À medida que o Papa ia ganhando a cena, minha excelente faxineira evangélica ficava mais absorta no trabalho: limpava os vidros da varanda do quarto com uma energia maior que a habitual, como se quisesse expressar, no atrito da flanela com o vidro, certa oposição ao roçar das vestimentas papais com as cortinas de veludo que, a partir de quarta-feira, fazem parte de sua rotina, por mais identificado que ele seja com as causas sociais: a Igreja de Roma não é das mais avessas ao dinheiro, e tirar-lhe este peso é tarefa epopeica.
Pelo que sabemos, esse Francisco nunca bebeu na esquerda mas tem um forte trabalho pastoral junto aos homens sem posses. Usa com frequência o termo “escravidão” para referir-se às dinâmicas das ruas, o que é um sinal de (boa) consciência: qualquer ser lúcido sabe que algum grau de escravidão ainda rege as relações de troca humanas, muitas vezes as mais lícitas.
Se foi fã colaboracionista dos milicos ou não foi, ele nega. Vai-se lá saber: tem tanto fã de gente ruim por aí que ocupa os tronos mais ilibados que essa é uma questão probabilística sempre muito forte quando alguém é alçado a um novo posto. Mas, aparentemente, esse apetite social do novo Papa traz à memória algo que parecia vibrar no sorriso de Albino Luciani, o João Paulo I, que veio a falecer um mês após sua escolha, deixando rumores terríveis no ar.
Rumores logo superados pela forte presença de Karol Wotjyla, com sua voz de ator, seu ouvido absoluto (cantou o João de Deus com os brasileiros murmurando uma terça abaixo de rara precisão e ataque). A doença acabou obscurecendo boa parte do pontificado daquele homem impressionante que, contudo, jamais avançou de fato para além da função que teve nas transformações que ocorriam à época, início da derrocada comunista.

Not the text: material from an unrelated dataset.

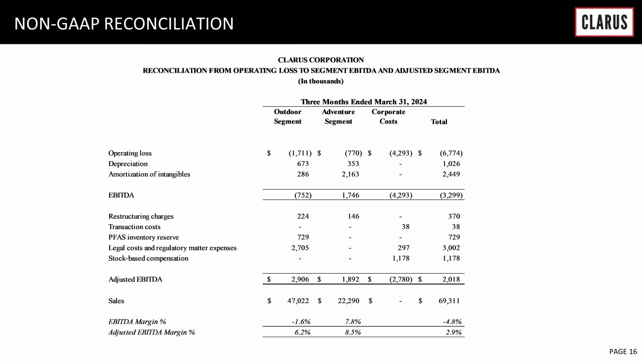 6 February 2023 PAGE 15 NON - GAAP RECONCILIATION Loss from continuing operations $ (6,462) $ (2,031) Income tax benefit (851) (334) Other, net 909 (76) Interest income, net (370) (5) Operating loss (6,774) (2,446) Depreciation 1,026 939 Amortization of intangibles 2,449 2,768 EBITDA (3,299) 1,261 Restructuring charges 370 - Transaction costs 38 37 Contingent consideration benefit - (1,565) PFAS inventory reserve 729 - Legal costs and regulatory matter expenses 3,002 128 Stock-based compensation 1,178 1,286 Adjusted EBITDA $ 2,018 $ 1,147 Sales $ 69,311 $ 70,278 EBITDA margin -4.8% 1.8% Adjusted EBITDA margin 2.9% 1.6% March 31, 2024 March 31, 2023 CLARUS CORPORATION RECONCILIATION FROM LOSS FROM CONTINUING OPERATIONS TO EARNINGS BEFORE INTEREST, TAXES, DEPRECIATION, AND AMORTIZATION (EBITDA), EBITDA MARGIN, ADJUSTED EBITDA, AND ADJUSTED EBITDA (In thousands) Three Months Ended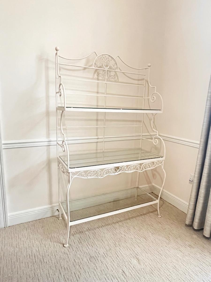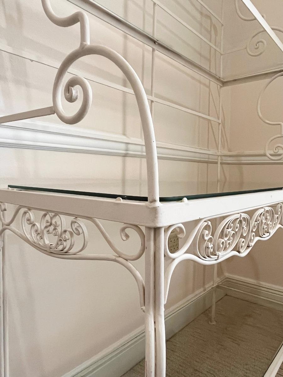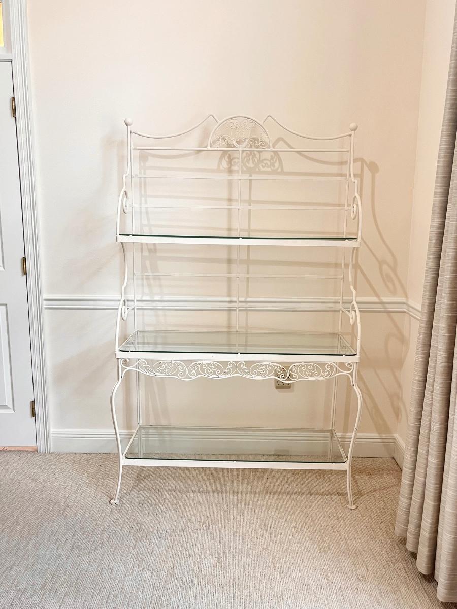 WOODARD ~ Vtg. Iron & Glass Bakers Rack

A volta de um Papa com carisma, com voz, com emoção, parece ser uma boa notícia para o mundo, seja o mundo das crenças e dos dogmas, seja o mundo mais próximo à razão e ao livre pensar, seja o enclave entre o cientificismo e o criacionismo: é uma voz que fala para muitos, e o que quer que diga pode influenciar aquilo que convencionamos chamar de civilização mais numa direção ou em outra, sobretudo quando a paz é ameaçada.
Despedi-me de minha faxineira sem uma palavra sobre o assunto e fui ao supermercado. Dois serventes conversavam com uma caixa. Um deles argumentava que o Brasil já tinha a Copa e as Olimpíadas.
— Ainda ia querer levar o Papa? Aí é fácil.
Bom argumento, considerando-se que até a Deus se atribui nacionalidade.